The main failure mode is confusion about the permission prompts. If Claude Code asks to do something you do not understand, deny it and ask Claude Code to explain what it wants to do and why. It will explain in plain language. The other common issue is starting Claude Code in the wrong directory — if it cannot find your files, check which directory you are in.
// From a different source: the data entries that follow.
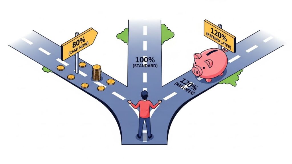 - 120% 선택자는 미리 낸 돈(144만 원)이 많아서 44만 원을 돌려받습니다.
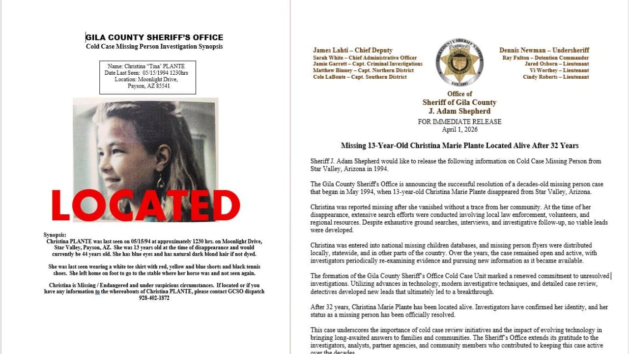 ಅಮೆರಿಕದಲ್ಲಿ 30 ವರ್ಷಗಳ ಹಿಂದೆ ನಾಪತ್ತೆಯಾಗಿದ್ದ ಬಾಲಕಿಯೊಬ್ಬಳು ಜೀವಂತ ಪತ್ತೆಯಾಗಿದ್ದಾಳೆ. ಆಧುನಿಕ DNA ತಂತ್ರಜ್ಞಾನ ಮತ್ತು 'ಕೋಲ್ಡ್ ಕೇಸ್' ತನಿಖೆಯಿಂದ ಈ ಪವಾಡ ಸಾಧ್ಯವಾಗಿದೆ. ಅನಿಶ್ಚಿತತೆಯಲ್ಲಿ ಕಾದಿದ್ದ ಕುಟುಂಬಕ್ಕೆ ಇದು ಆಕಾಶದಿಂದ ಬಂದ ಹೂವಾಗಿದೆ. ದಶಕಗಳ ನಂತರ ಕುಟುಂಬದೊಂದಿಗಿನ ಆಕೆಯ ಮರುಮಿಲನವು ಎಲ್ಲರನ್ನೂ ಭಾವುಕರನ್ನಾಗಿಸಿದೆ. ಪೊಲೀಸರು ಆಕೆಯ ನಾಪತ್ತೆಯ ಹಿಂದಿನ ರಹಸ್ಯ ಭೇದಿಸಲು ತನಿಖೆ ಮುಂದುವರಿಸಿದ್ದಾರೆ.
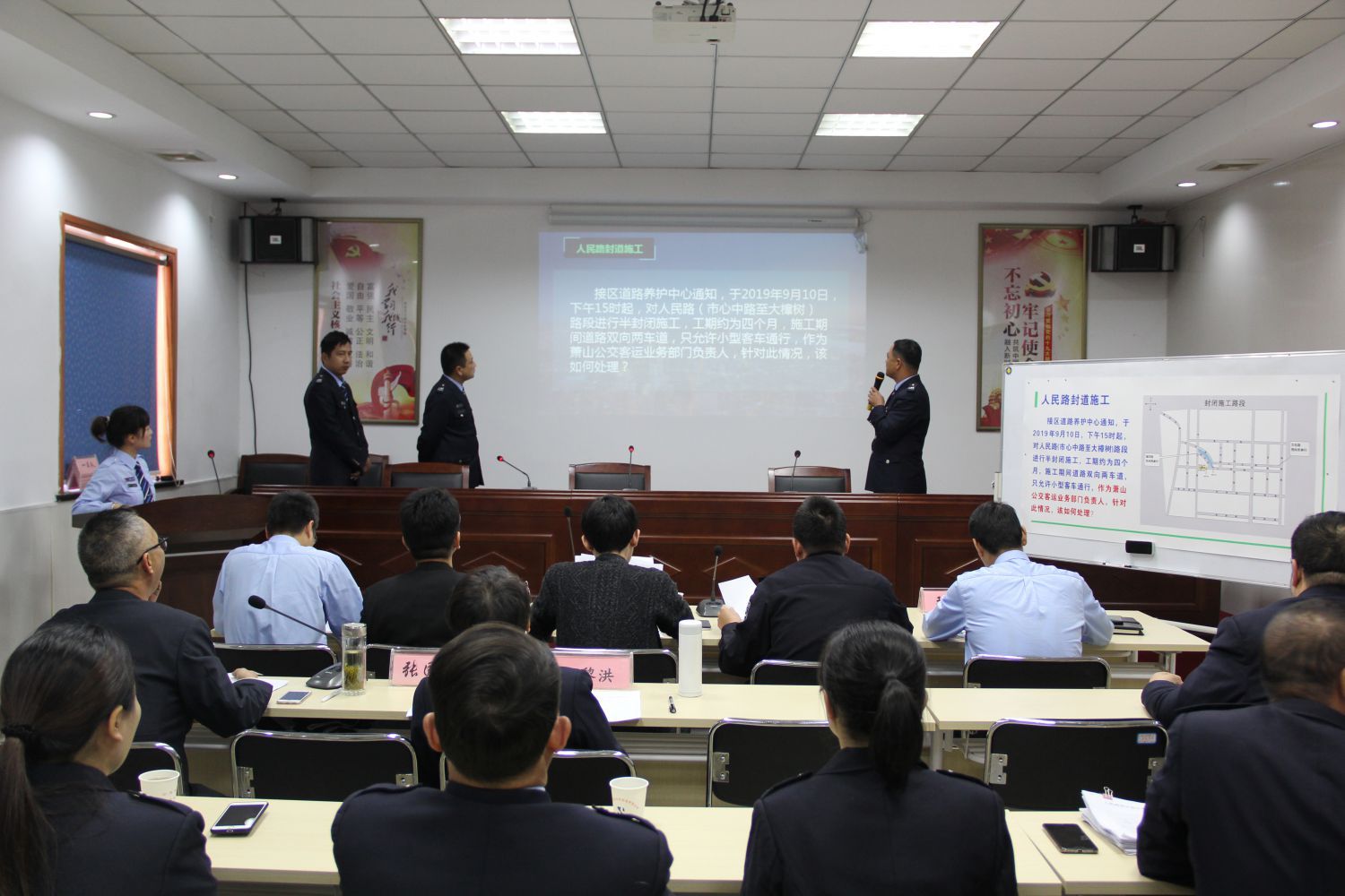 本次比武中,七支參賽隊(duì)伍采用新聞發(fā)布會(huì)的形式,圍繞“人民路部分路段半封閉施工后公交繞行方案”的命題內(nèi)容進(jìn)行相關(guān)計(jì)劃模擬新聞發(fā)布;各參賽隊(duì)隊(duì)員合作默契,思路清晰,以縝密的分析和準(zhǔn)確的敘述,將平日積累的優(yōu)秀營運(yùn)管理技能充分展現(xiàn)出來。為體現(xiàn)比賽的公正、公平,公司還特邀市北交警中隊(duì)副中隊(duì)長王俊杰、區(qū)道路運(yùn)輸管理處辦公室主任戚波波、區(qū)交通運(yùn)輸局運(yùn)管科汪峰、公司董事長、總經(jīng)理張國棟等班子以及相關(guān)部門負(fù)責(zé)人組成評委組,對七支參賽隊(duì)進(jìn)行現(xiàn)場提問和打分。經(jīng)過三個(gè)小時(shí)的激烈角逐,最終三車隊(duì)、六車隊(duì)、四車隊(duì)分別獲得本次演示比武的第一名、第二名及第三名。

Verification: you had at least one conversation where Claude Code used a tool (like reading a file) and you approved it. You understand the propose-approve-execute flow.

Implementation checklist

  • Navigate to your vault folder in the terminal.
  • Start Claude Code with the claude command.
  • Ask a simple question that does not use tools.
  • Ask a question that triggers tool use and observe the permission prompt.
  • Allow the tool use and review the result.
  • Exit Claude Code.

Immediate next action

Move to the next lesson. You are about to create, read, and modify files with Claude Code — the fundamental operations behind everything else in this course.

Exercise

Start Claude Code in your vault folder and ask it: "What would be a good folder structure for an agency vault?" Read the response but do not act on it yet — you will organize the vault properly in Module 10 with Claude Code's help. The point of this exercise is to practice having a conversation about your business. Notice whether the response is generic or specific to your situation. Since Claude Code has no context about your agency yet (no CLAUDE.md, no existing notes with business details), the response will be generic. That changes as you build the system through this course.